The crux of the problem is that corporate tax departments document and report on billions or even trillions of transactions in any one tax period.  It is nearly impossible for the IRS to detect, examine, and determine that these billions or trillions of transactions are correctly reported for tax purposes.

So what the IRS is now saying is “hey, reduce the corporate tax breaks so that it will make our job easier.”  I can respect this position, although I do not necessarily agree with it (as explained below).  

I do not agree with the manner in which the IRS is opting to reach its desired result.  If the IRS is having a problem enforcing the corporate income tax, the IRS should just say so and ask Congress to help. 

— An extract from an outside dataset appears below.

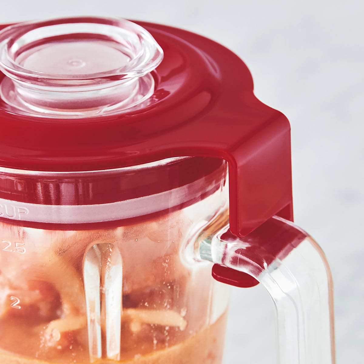 耐熱温度差120℃まで対応できる耐熱ガラス製の[ガラスジャー]を採用し、炒めた野菜や煮込んだ食材もアツアツのまま撹拌できるブレンダーなので、食材を混ぜたあとに温め直す必要がなく、時短調理が叶います。※家庭用製氷機で作った2.5cm角以下の氷なら一度に10粒まで撹拌できます。氷や冷凍フルーツのみでの撹拌はできません。必ず水分(液体)と一緒に撹拌してください。ドライアイス、市販のかたい氷は使用できません。
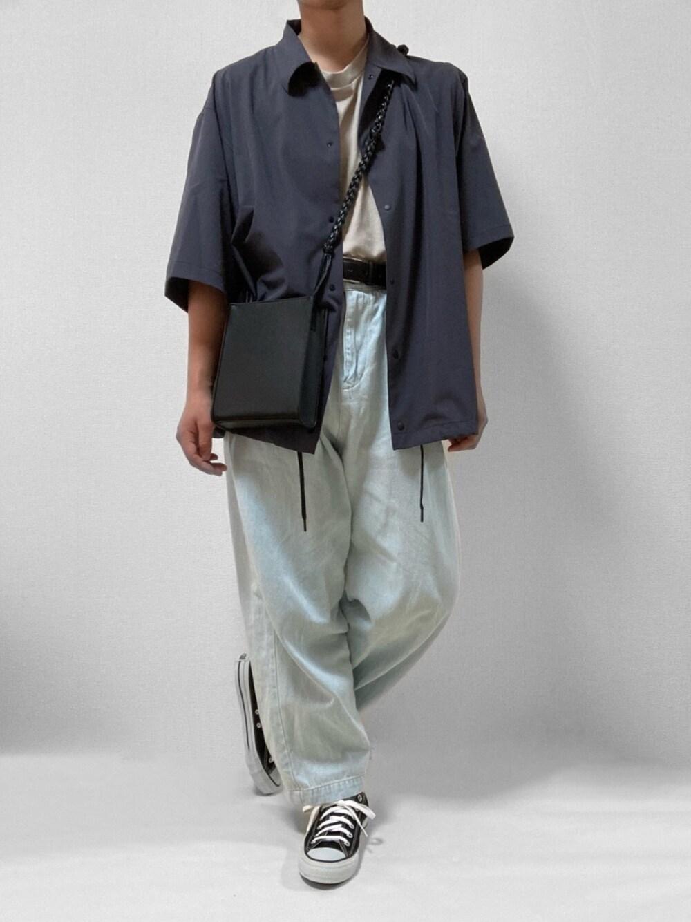 今回は薄い色のワイドデニムで爽やかな夏コーデにしました。 (タックインは脚長見えてオススメです👍)

The IRS should not be in the business of maintaining a public propaganda campaign to encourage legislative changes to the tax code (if the IRS were a 501(c)(3) not-for-profit, it would have to revoke its own tax-exempt status for such activities).  The IRS should not contrive an argument that our economy would benefit if we eliminated corporate tax breaks and reduced the corporate tax rate.  Personally, I feel that it is necessary (given our current economic/political system) for Congress to provide some tax incentives to encourage American corporations to do what they would not otherwise do – such as conducting research and development activities here in the US and not overseas and providing housing to low-income individuals. 

Is there a better way for handling these issues?  Perhaps.  But absent a major overhaul of our tax and political system Congress has to work with what it has – and what it has is a tax system that allows it to encourage businesses to act in ways that Congress deems appropriate.  Congress, as our elected representative body, is in the business of determing what is best for our country and establishing law pursuant to these determinations.  The IRS is merely in the business of enforcing the law that Congress makes.  The IRS may have an interest in informing Congress about changes it deems necessary for the efficient administration of our tax laws, but it has no place in trying to build public sentiment via publicity stunts to encourage Congress to change our tax laws.